Вздыхает доктор Волькенштейн терпеливо-нетерпеливо, и с лёгким звяканьем распахивает чёрный чемоданчик – а там: не стетоскоп, не шприцы одноразовые, не стенки с ампулами, но тубус бурой кожи. А в тубусе свиток пожелтевший, а на свитке карта, а на карте: и Австрийское эрцгерцогство-королевство, и союзница Венгрия, и Галиции обе – Западная и Восточная, и Трансильвания – австрийское Залесье, и Карпат горбатая дуга, и Богемия с сестрою Моравией, и Далмация с сестрою Истрией, и Словения, и Славония, и Хорватия с добрым куском Сербии, и Дуная лоза многоплодная – ну!
– Недолюбили Габсбурги детей своих, недохолили. А теперь у тебя одно дитя – и ты хочешь так же? Пойми, Флориан, нет в человечестве идеи выше имперской, да люди до неё не дорастают. Так для капитана главное корабль. А ты стоишь на верхушке да киснешь, да коньяком терпким горло полощешь. Schade, Habsburg!**
Мутно-коньячно глядит капитан:
– Na und? Was soll ich nun?***
– Frage dein Gewissen!****
Добудился-таки доктор до капитанова сознания (или, допустим, совести). Дохлебнул-таки Флориан коньячок до донышка. Потому что не по-наслышке знал, как обиден донный недохлёб поутру бывает. А особенно, если вдруг не проснёшься. Дохлебнул и решительно двинулся вниз по лесенке, преувеличенно твёрдым шагом вдоль по палубе, в каюту вошёл, аккуратно повесил китель, разделся до нижнего, отбросил край коечной постели, и улёгся – как смолоду научен – руки поверх одеяла. И только фуражка на голове*****.

ФУРАЖКА

А фуражка на голове – не последнее дело. Не даёт она человеку забыться.
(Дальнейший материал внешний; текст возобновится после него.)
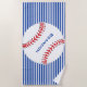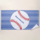 Baseball Design Beach Handtuch mit optionaler Personalisierung. Die Farbe des blauen Streifens und des blauen Namens kann in die Farbe der Auswahl geändert werden.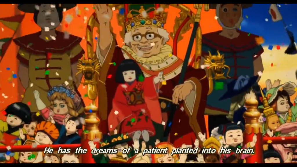 In a less violent way, Konokawa and Atsuko are drawn toward one another as they recognize each other’s energies as they meet in a physical space for the first time, through the now public investigation of the effects of the psychotherapy machine now known. Tokita explains to Konokawa, “Isn’t it wonderful? The ability to see a friend’s dream as if it were your own. To share the same dream.” Though they separate, pursuing different threads of thought with the investigation, the parade continues marching as Tokita, Konokawa, and Paprika are swept up in its delusion. With Tokita swallowed up by the nightmare parade now exponentially spreading throughout the city in his reckless attempt to rescue Himuro, Atsuko, instantaneously transforms into Paprika and dives into Tokita’s merged dream on a mission to save him. With the development of the project and the lives of everyone at stake, Paprika flits through the nightmare with the Chief monitoring her as she looks for clues. As she peers further into the unstable construction of the dream space, moving past the superficial layers, Paprika is led down the ever-shifting mayhem of the ever-evolving mystery, and she, too, becomes caught up in the delusion.
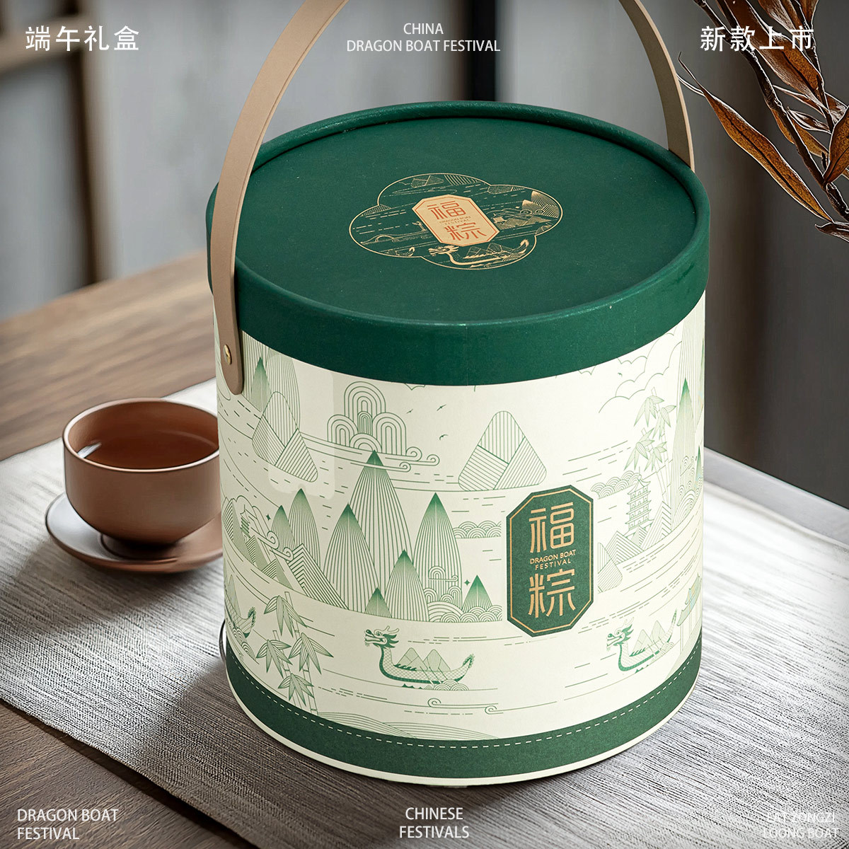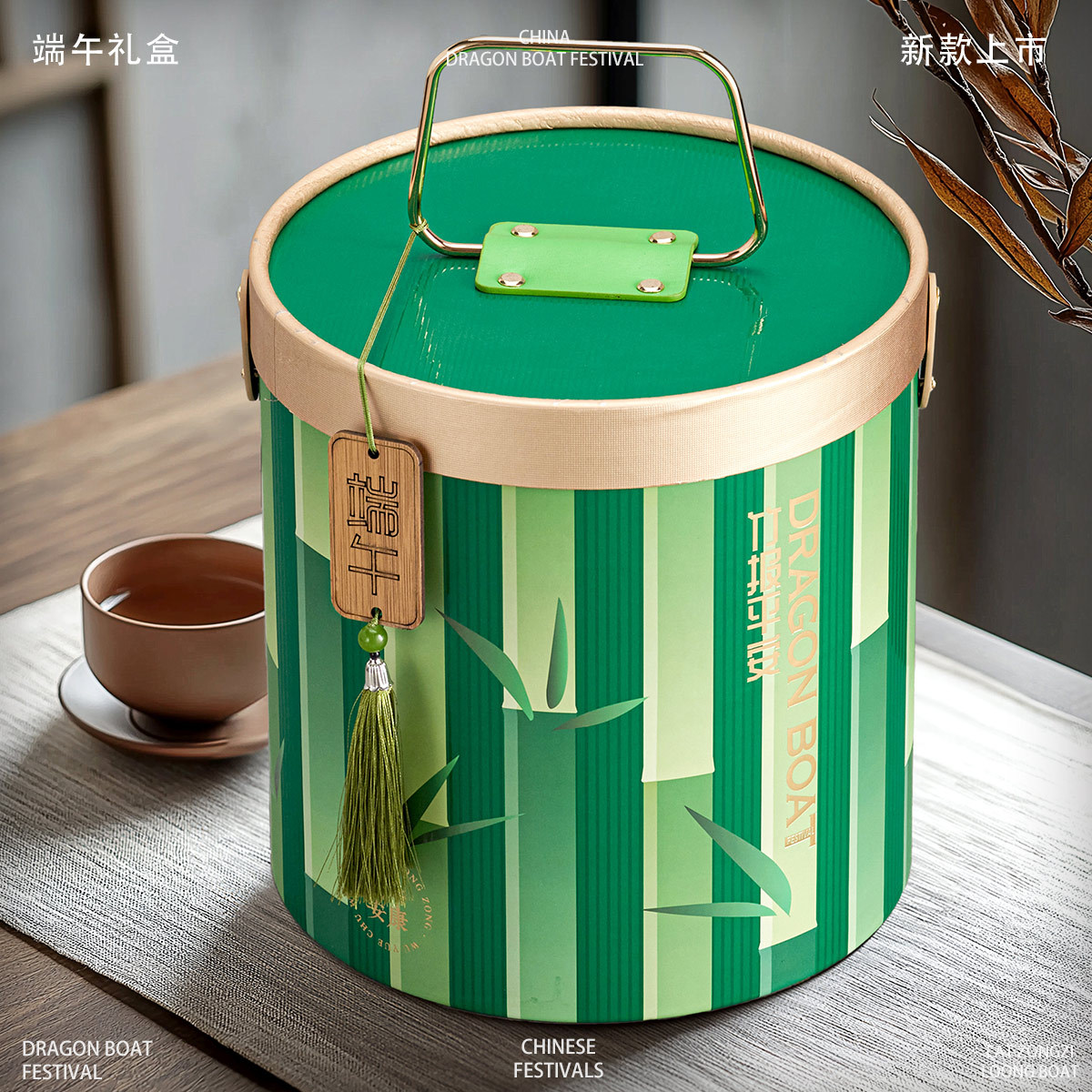2025 端午節ギフトボックス団子包装箱クリエイティブラウンド紙缶ポータブル包装袋ギフト空箱カスタムロゴ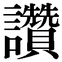 【讚】 26画 言部  区点=7613 16進=6C2D シフトJIS=E6AB 【讃】異体字異体字 22画 言部 区点=2730 16進=3B3E シフトJIS=8E5D 《音読み》 サン〈zn〉 《訓読み》 ほめる(ほむ)/たすける(たすく) 《意味》 {動・名}ほめる(ホム)。ほめたたえる。また、ほめたたえることば。〈同義語〉→賛。「画讚ガサン」 {動}たすける(タスク)。力をそろえて持ちあげる。〈同義語〉→賛{名}仏の功徳クドクをほめたたえる歌のことば。「梵讚ボンサン」 《解字》 会意兼形声。贊(=賛)は「貝(財貨)+先二つ(そろって進む)」の会意文字で、人と会見するときのおくり物をあらわす。おくり物は人にあうときのたすけになるものであることから、わきから力をあわせてたすけるの意味を生じた。讚は「言+音符贊」で、ことばをそろえて、わきからほめあげること。 《熟語》 →熟語 →下付・中付語 〈注〉熟語は→【賛】を見よ。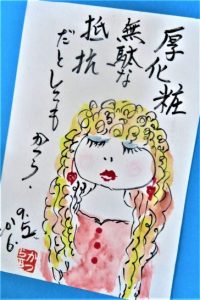 写真1、本日、夕刻散歩にて。久しぶりの八橋小学校西側の通学路。天気が持ち直して青葉が鮮やかだった。2、同じく夕刻散歩にて、アザミの花に蝶々(黒揚羽??)。蜜を吸っていたのか、ずっとヒラヒラ舞っては止っていた。3、昨日、帰宅したら届いていたパワフルな絵手紙。どなたかに似ている健康的で色っぽい別嬪さんの表情がなかなか良い。 ひとりでニヤついているのは勿体ないので、全国の諸兄にご紹介致します。作者は沖縄の大田かつらさん。アップするのは了解済みです。本日、夕刻散歩のみ頑張って5952歩。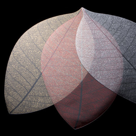 we all have had primitive memories about using leaves, stones and sticks as table wares. in some cultures, foods are still wrapped in leaves which are used as a case for cooking purposes. ‘a leaf x 10’ was inspired from historical eating rituals in japan, when it was customary to eat a meal on a leaf. the mat’s shape and detailing came from a small leaf which was enlarged to ten times its original size. each vein line of the leaf was carefully traced. ‘a leaf x 10’ combines nature with eating, bringing us back to nature and where we started from.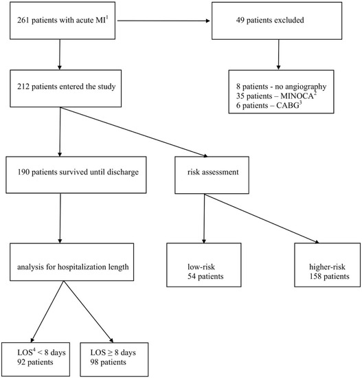 - Berger, A.K.; Duval, S.; Jacobs, D.R., Jr.; Barber, C.; Vazquez, G.; Lee, S.; Luepker, R.V. Relation of length of hospital stay in acute myocardial infarction to postdischarge mortality. Am. J. Cardiol. 2008, 101, 428–434. [Google Scholar] [CrossRef] [PubMed]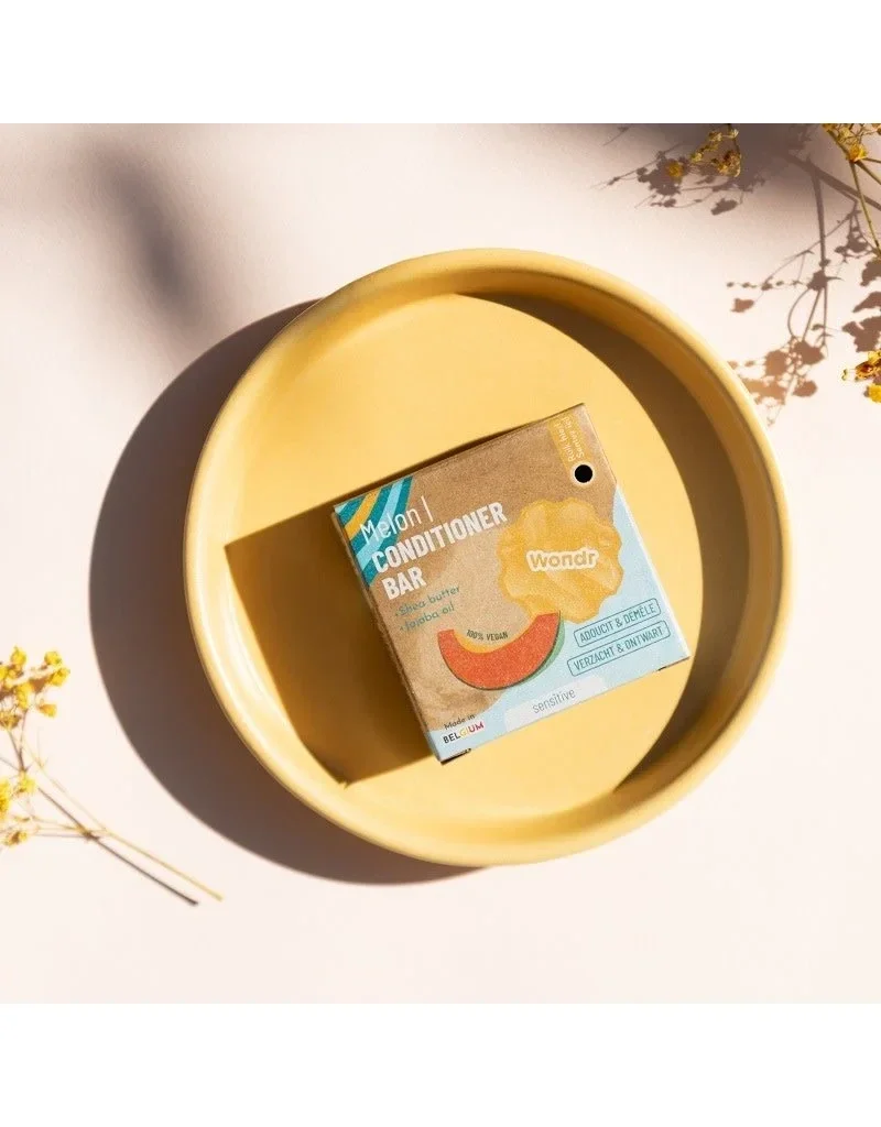 Fris, fruitig en zijdezacht: zó voelt jouw haar met de Sweet Melon conditioner bar. WONDR conditioner bars zijn extra geconcentreerd en bestaan voor maar liefst 30% uit voedende boters. Gebruik deze solid conditioner met frisse meloengeur samen met de Sweet Melon shampoo bar voor de perfecte combo.

Спит сердце, спят печёнки-селезёнки, не шевелятся руки-ноги, а мозги-то знают: не объявлен отбой. И думают мозги: а и правда – вон какая карта была! Вон какую страну распустили!
Но ведь есть такая теория – пульсирующей вселенной. Малое-малое ядрышко, ни пространства в нём, ни времени. Одно слово – сингулярность. И вдруг… Взрыв, накал, рост, разбег, образуются туманности, разверзаются между ними пропасти – то ли с эфиром, то ли с морем частиц квантово-кварковых. Разлетаются галактики аж до красного смещения, разгораются светила – красные гиганты, белые карлики, Белый Бо, Чёрный Жо. Отвердевают планеты, по некоторым текут воды. Заводятся в водах инфузории в туфельках, амёбы в белых тапочках, гидры кишечно-полостные, медузы жегучие, рыбки золотые, скаты электрические. Жабы в жабо выползают на сушу, ихтио-плезио-птеро-бронзовозавры… Потом ледник надвигается, мамонты крутыми бивнями грозят – кому? Человечку-невеличку – худенькому, голенькому, но уже умненькому. А наберёшься тут ума: справа мамонт с двумя бивнями, слева – мастодонт с четырьмя, со спины – носорог волосатый: вот-вот под зад подденет. А навстречу:
– Да кто у нас такой хищный, да полосатый, да саблезубый? А как тебя зовут, тигр-р-ра?
– Р-ра, а я не знаю…
– А я вот знаю: Флориан тебя зовут. И меня Флориан. И мы братья. И ты трогать меня не моги, несмотря на мой маленький рост.
Ну, вот и усовестили тигра. Погоди, бра, ты у нас ещё по арене попляшешь, через кольца с огнём поскачешь. Ну, с мамонтом вообще просто: с виду-то он грозен-грозен,  а попробуем его копьецом, так скоро и вымрет с потрохами, аж самим жалко будет в музеях его осматривать. А вот и Прометей с огнём пришёл: вот гость-то дорогой! И пошла у нас в пещерах жизнь новая: что ни день, то балы, музыка, вальсы венские, сосиски дебреценские, науки разные, телескопы всевозможные. Кеплеры-Коперники, Ньютоны-Клапейроны, Бойль, Тире и Мариотт. Однако – с юга турки прут: Аллах-акбар! С востока татары-московиты. С запада – тигрище-Бонапартище. С севера – железный князь Бисмарк: др-р-р! Н-да, все люди братья, но… В общем, без империи дело не пойдёт. Сожрут без империи. Братья-то братья, и братские чувства самые древние. Ещё Каин и Авель… Итак, строим державу. И соседи строят, а как же. Так и соседям безопасней.  А коли зазеваешься… Вон чехи зазевались, да и стали нашей провинцией – Богемией. Венгры чуть зазевались, да чуть под турок совсем не попали. И пришлось их потом вызволять да и присоединять. Поляки в 18-ом веке сильно зазевались, так что необходимость возникла их разделить – с теми же железными пруссаками да татарами-московитами. Ну и мои деды-прадеды тоже в конце концов зазевались… Не то бы… да, на другом бы я стоял теперь капитанском мостике. Всё так, доктор, всё я понимаю, но. Не. Понимаю. Какое. Мне. Дело. До этого. До этого теперь! Как да и зачем мне присоединять Венгрию, когда я и с одной венгеркой толку не дам?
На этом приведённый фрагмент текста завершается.